I hope your week is going well, and you aren’t being overheated with really warm temperatures this week. By the week-end our temperature which has been on the cooler side for days are going to start climbing again and by Friday we’re supposed to be hitting the 90’s F.
I hope to be out on the lake having a paddle with He-Man this morning…fingers crossed the wind isn’t blowing! If I’m late getting to your blogs and comments this morning you know why. 😊🛶
The Cassin’s Finch was first collected on an 1850s expedition to the southwestern mountains by the Pacific Railroad Survey. The eminent ornithologist John Cassin, who created illustrations for the survey, called the pink-tinged finch the “greatest bird in the lot.” Cassin asked his friend and colleague Spencer Baird to name the new species after him.
Male Cassin’s Finches have red crown feathers thanks to carotenoid pigments, which they acquire when they swallow colorful foods like the orange berries of firethorn plants.

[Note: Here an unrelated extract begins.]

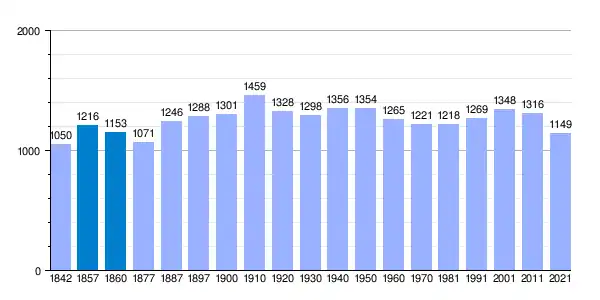 | Gráfica de evolución demográfica de Montesa[2] entre 1842 y 2021 |

Male Cassin’s Finches remain brownish and look like females during their first breeding season. During this time they sing, and this may give the false impression that both sexes sing. These young males may group into “bachelor flocks” during that first breeding season.
The Cassin’s Finch is an accomplished mimic, often adding the calls of other species into its own songs.
The Cassin’s Finch breeds semicolonially, with nests on average 80 feet apart. Nests are sometimes as close as 3 feet apart—this usually causes a fight between males until one of the pair gives up. If the first nest is substantially earlier than the other, however, such close nesting may be tolerated.
The Cassin’s Finch craves salt, and is often found visiting mineral deposits on the ground.
The oldest recorded Cassin’s Finch was a male, and at least seven years old when he was recaptured and released during banding operations in Oregon in 1979. He had been banded in the same state in 1974. ~ allaboutbirds.com
We’re still dealing with a lot of smoke from the two biggest fires in California.
As I type this on Thursday our AQI is bad, but not as awful as it was on Monday when we flew into Reno on our way home from visiting Big Baby Boy, and the Dark Haired Beauty. Monday the AQI was a whopping 398!
I saw the pilots on the way out of the plane and said, “I sure am glad you were able to see to land, because I couldn’t see a thing!” One of the pilots replied, ” We had one eye opened and hoped for the best.” 🤣😜
I’m glad it was the good eye!
He-Man said he was thinking about the scene in the movie Airplane. Flying on instruments LOL!!